On September 25, 2013, The Palm Beach Post (the “Post”) reported that the Northlake Villa Condominium was ordered to pay $1.5 million dollars to the victim of a shooting where the assailant, Jack Abrams, was the associations “deputized” security guard and who wasn’t even an owner, but was the live-in boyfriend of a board member. Because Abrams had been appointed by the association’s board to enforce the condominium’s rules and regulations, a Palm Beach County jury last week found that the association was liable for Abrams’s inexplicable fit of anger.

The Post reported that, in 2010, Abrams “lost it” when a woman left the condominium’s laundry room door open. Abrams vented his displeasure loudly. The woman’s boyfriend, wondering what the commotion was, ventured into the hallway where Abrams proceeded to shoot him three times leading to, as reported, 24 blood transfusions, 12 surgeries, and more to come. During the trial, the Post reported that the following facts were presented:

• When the board appointed Abrams, no background checks were done.

• Abrams received an “other than honorable discharge” in 2000 from the U.S. Marines Corps for drug use and other character flaws.

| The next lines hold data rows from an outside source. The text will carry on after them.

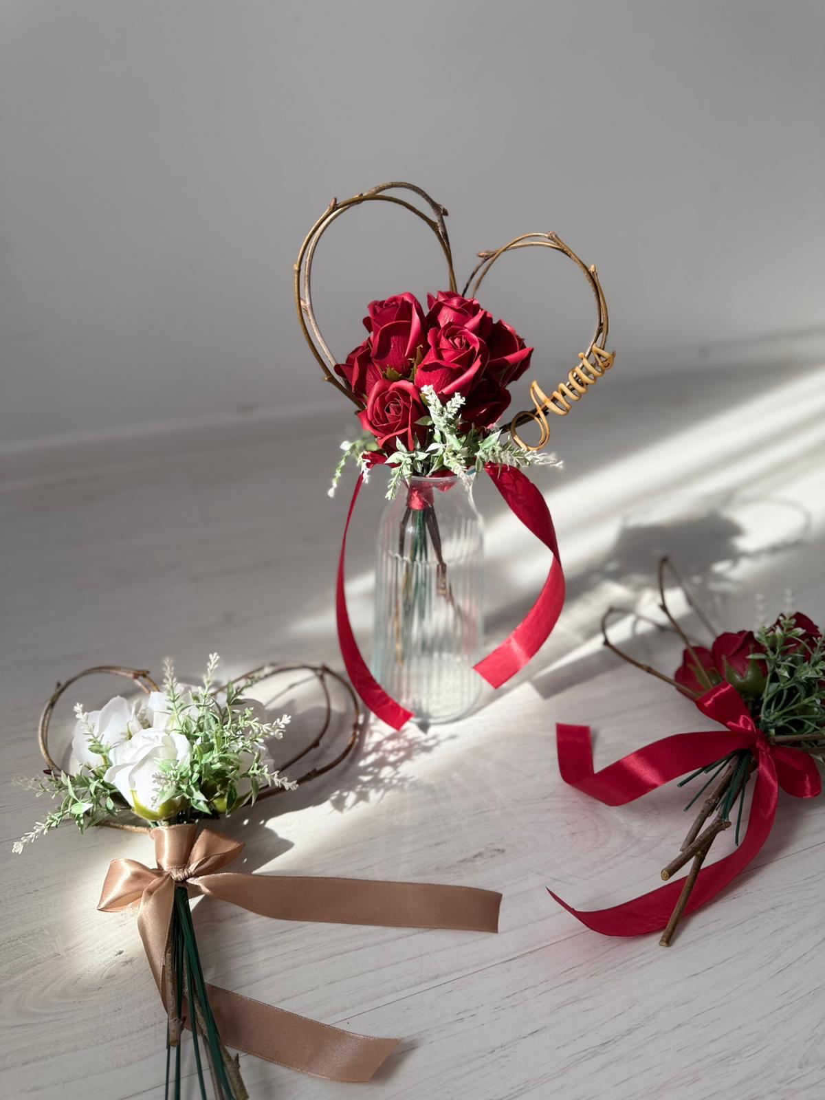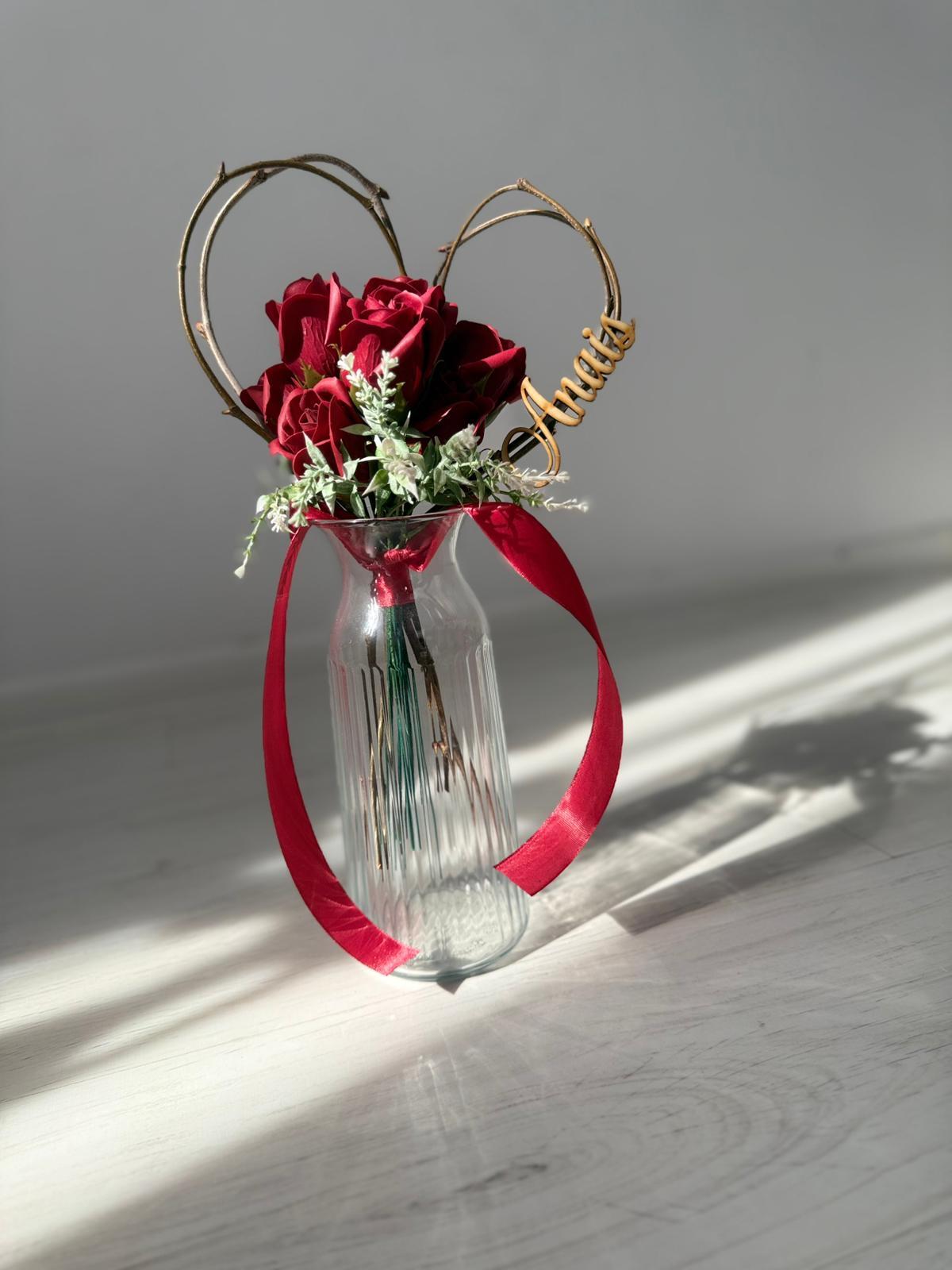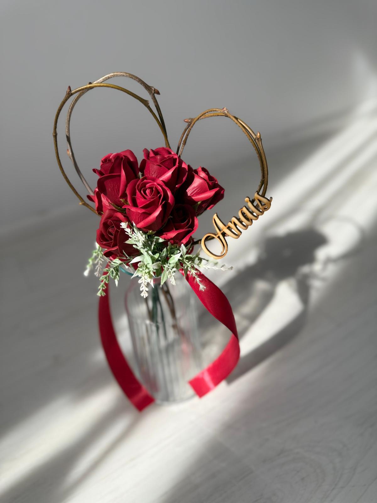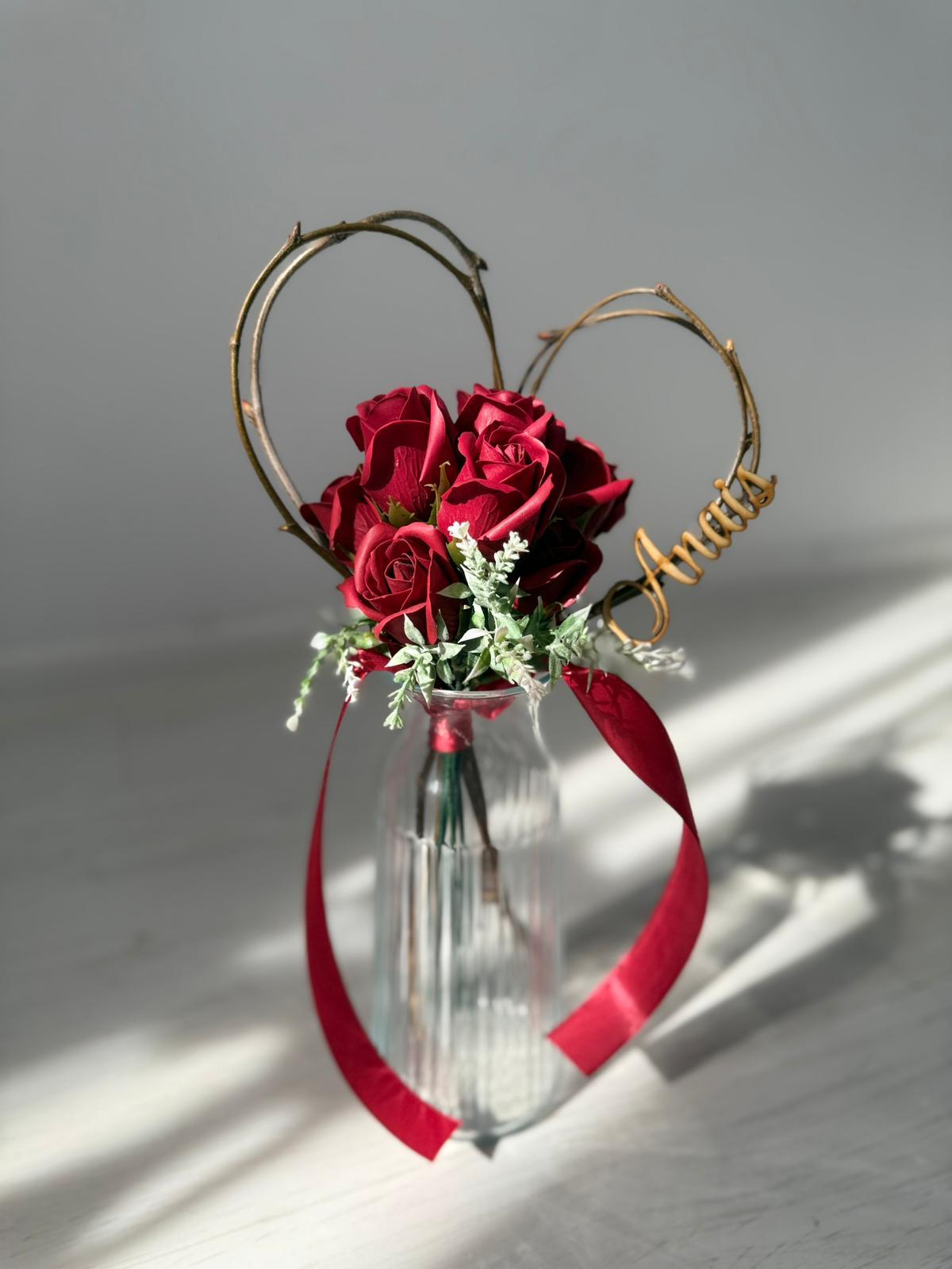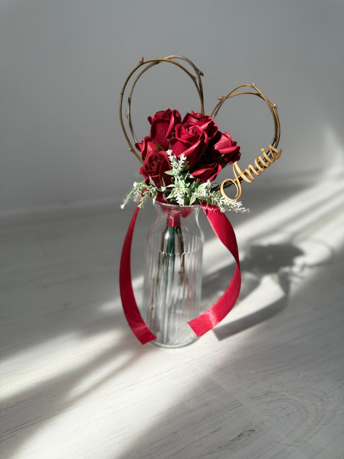 Buchetel inimioara si trandafiri din sapun personalizat cu nume
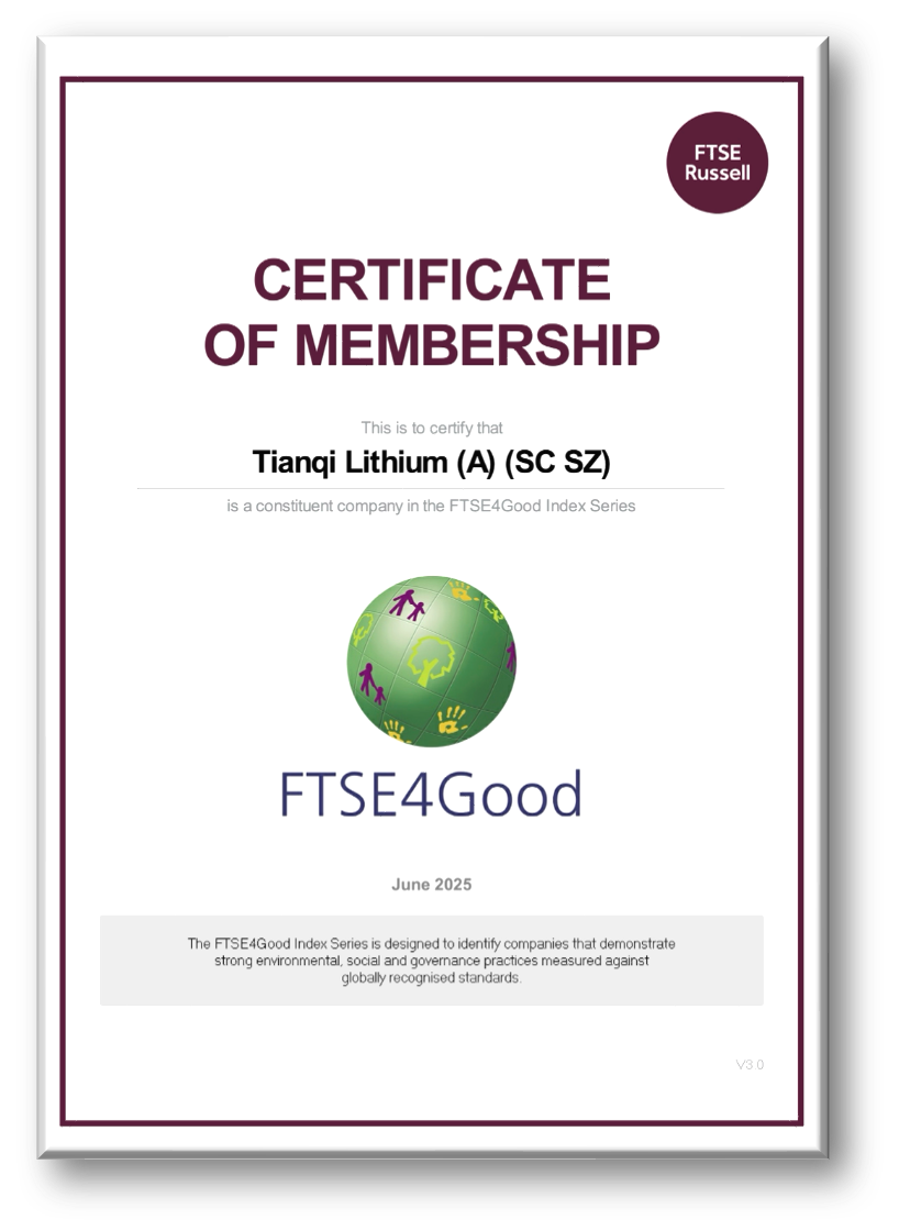 近日,天齐锂业凭借在可持续发展领域的卓越表现入选“富时社会责任指数系列”(FTSE4Good Index Series),公司已连续三年获得此项认可。
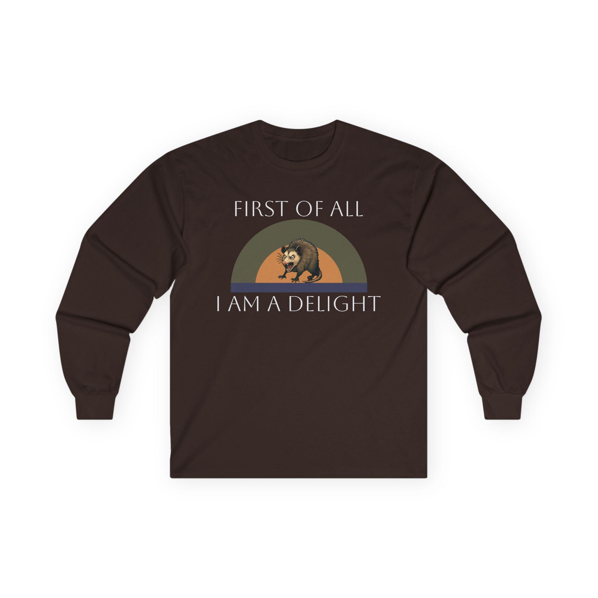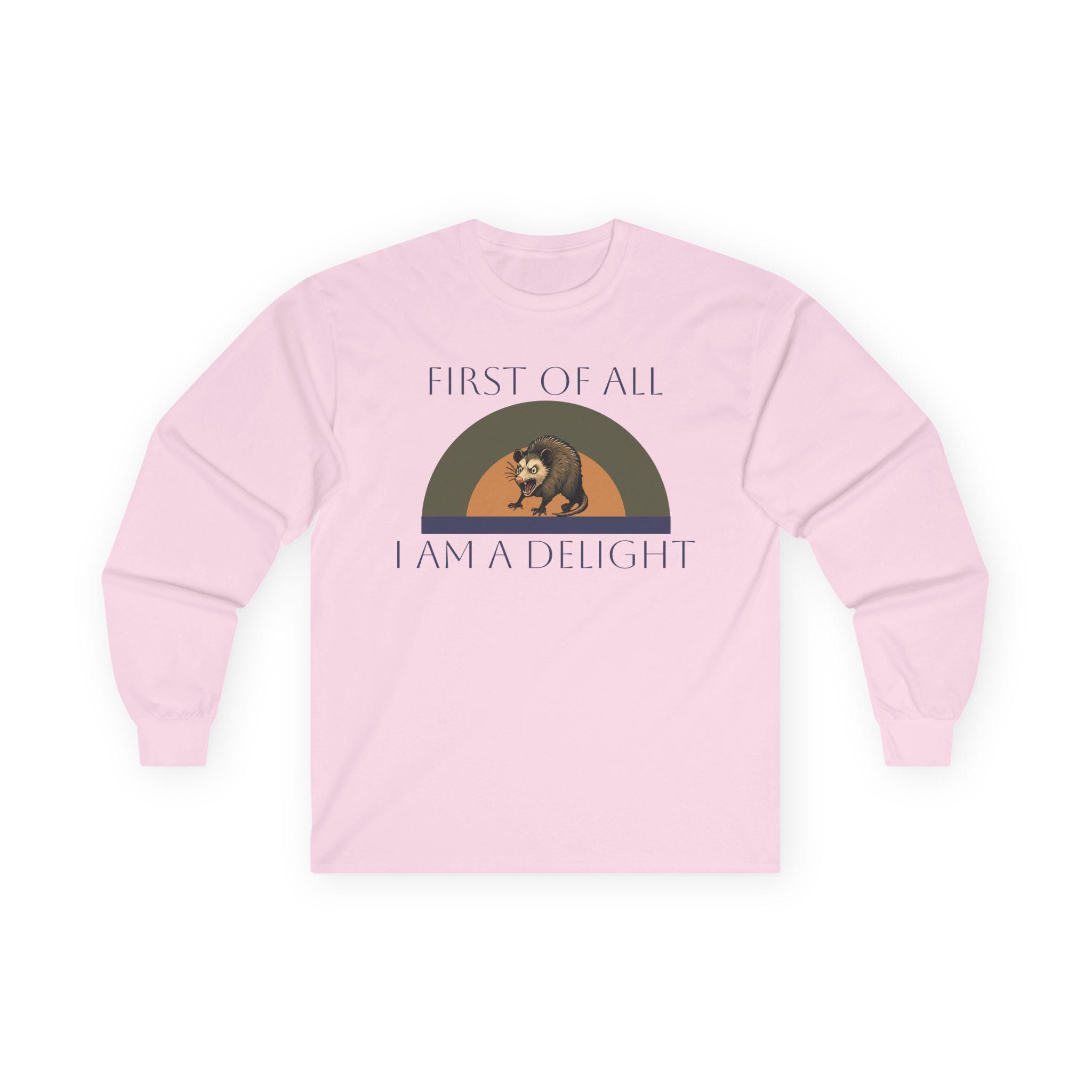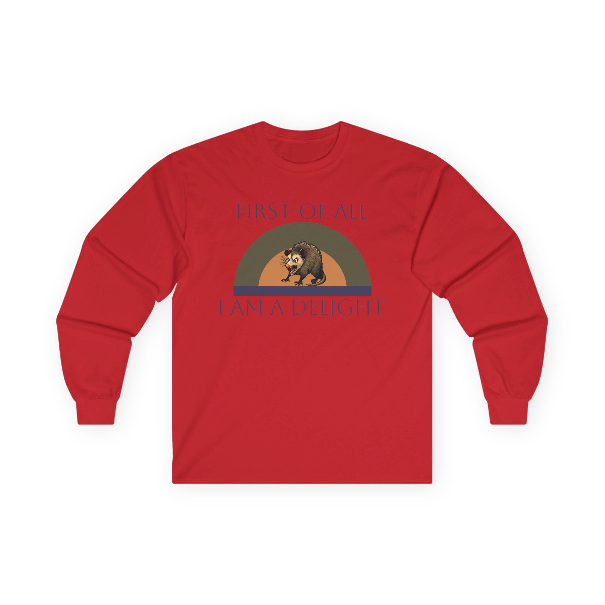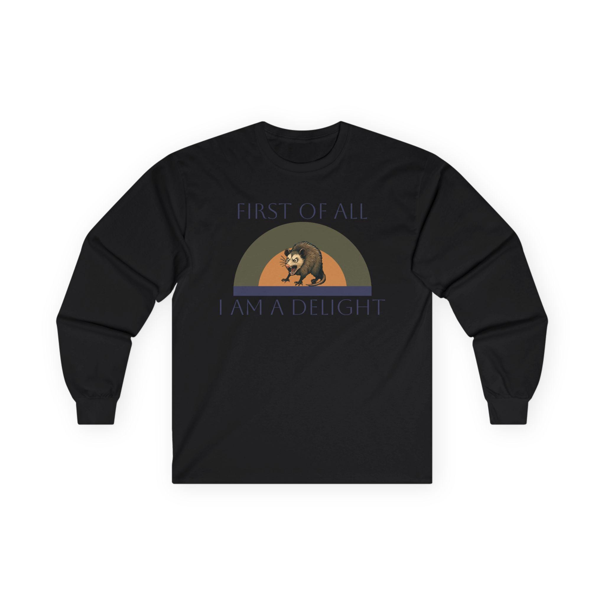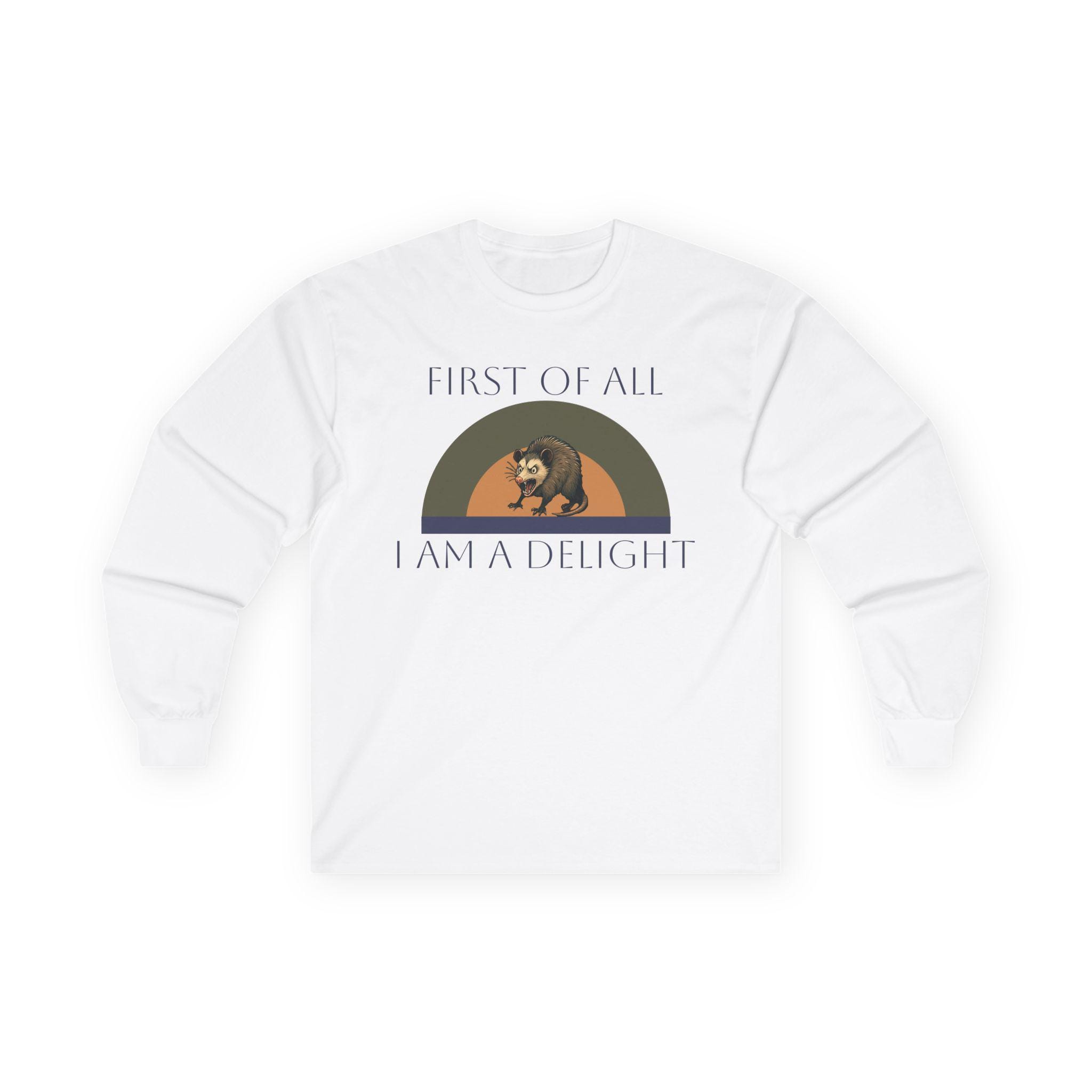 This long-sleeve tee carries a quiet, witty confidence — soft vintage-weight cotton with a calm white canvas and a small, nostalgic graphic across the chest. The design shows a relaxed bear under a muted rainbow with the words “FIRST OF ALL / I AM A DELIGHT,” giving the shirt a warm, slightly tongue-in-cheek personality. Wear it layered under a jacket on cool mornings or solo when you want your outfit to say, slowly and kindly, that you know your worth. The fabric has a substantial, broken-in feel that settles around the body without clinging. Because it’s knit as a single tube with reinforced shoulders and a stretchy ribbed collar, it keeps a clean silhouette wash after wash. Note the classic fit and medium weight — it drapes like a lived-in favorite rather than a stiff, new piece.
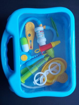 Custodia per giocattoli da dottore con accessori.
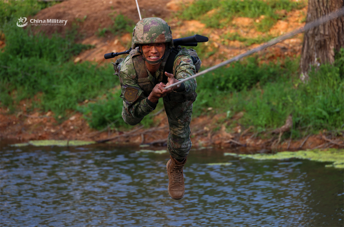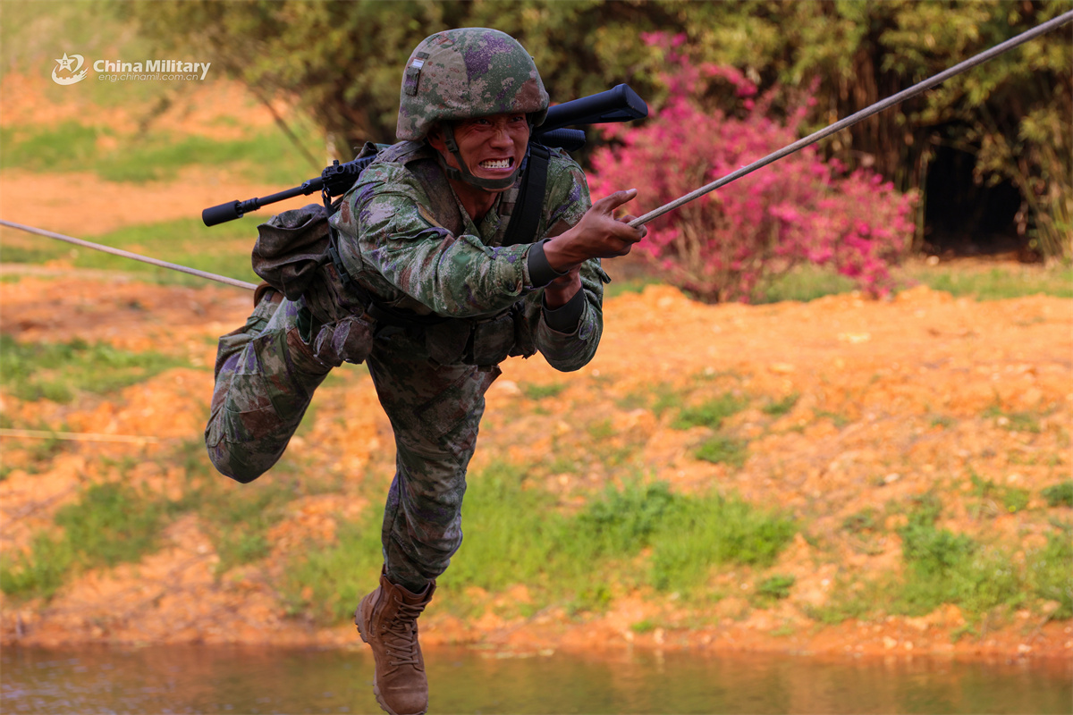 A soldier assigned to a brigade under the Chinese PLA 72nd Group Army uses the Army crawl to cross a one-rope bridge during a reconnaissance training exercise. (eng.chinamil.com.cn/Ma Hailin)
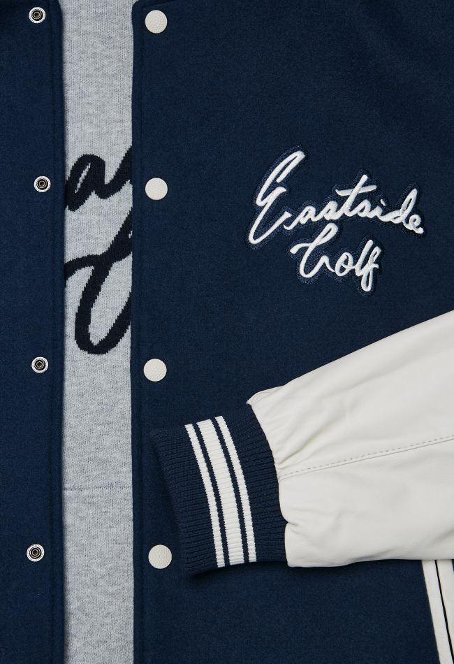 With its iconic contrast sleeves, ribbed cuffs, and beautiful embroidery, our varsity jacket is a must have addition to your collection.

• A psychiatrist and psychologist who examined Abrams, as part of the criminal case, agreed he suffered from post-traumatic stress disorder and paranoia.

• When North Palm Beach police searched his apartment, they discovered an arsenal of weapons including five guns, seven combat knives, and 1,400 rounds of ammunition.

• Others testified about Abrams’s increasingly erratic behavior. It was reported that he accosted people in the parking lot if they didn’t park their cars between the lines.

• The day before he shot the victim, he told one resident: “I’m getting so sick and tired of this laundry room. I’m going to kill someone over it.”

Unfortunately, that is exactly what he did. Abrams shot the owner’s boyfriend “due to a mixture of rage and intoxication”. While a security expert testified during trial that such “poor decision-making by neighborhood and condo associations is becoming increasingly common”, it was not poor decision making that led to the judgment against the condominium. Rather, it was that the board failed to act. By failing to act, the board conducted itself with reckless abandon.

In his column Rembaum's Association Roundup, attorney Jeff Rembaum of Kaye Bender Rembaum analyzed the poor judgement and regrettable circumstances that took place during the case.

"The “standard” by which association board members should conduct themselves is referred to as “reasonable business judgment”. In plain English, this does not mean a board must always be right in their decision making," stated Rembaum. "Rather, they must act reasonably under the circumstances. So, when a board defies the requirements of its own governing documents by deputizing a non-owner as a defacto committee chair of security, turns a blind eye to reports of its residents as to Abrams’s erratic behavior, and fails to conduct even a simple background check before appointing individuals to the neighborhood watch committee, it’s not likely anyone would believe the board acted reasonably. Rather, the board acted with a reckless and wonton abandon endangering the life of every owner, tenant, and guest."

The Northlake Villa Condominium learned the hard way that there is such a line. Will George Zimmerman’s community association bear financial liability for the death of Trayvon Martin? Did his association’s board act with reckless abandon and fail to fulfill its duty by exercise of its reasonable business judgment?

"Interestingly, the State of Georgia’s appellate courts have held that a condominium association, being a purely legislative created form of ownership (similar to Florida’s condominium regime) does not owe a duty to provide security in the common areas where it previously disclaimed such responsibility in its declaration of condominium. Likely, this would be true in Florida, too," Rembaum continued. "However, when a board fails to act when it should have, there are very real consequences. The Abrams case teaches us that where an association creates a neighborhood watch committee, the board should take “reasonable”(there is that word again) measures during the appointment process, such as running background checks and ensuring those appointed to office meet any requirements set out in the governing documents."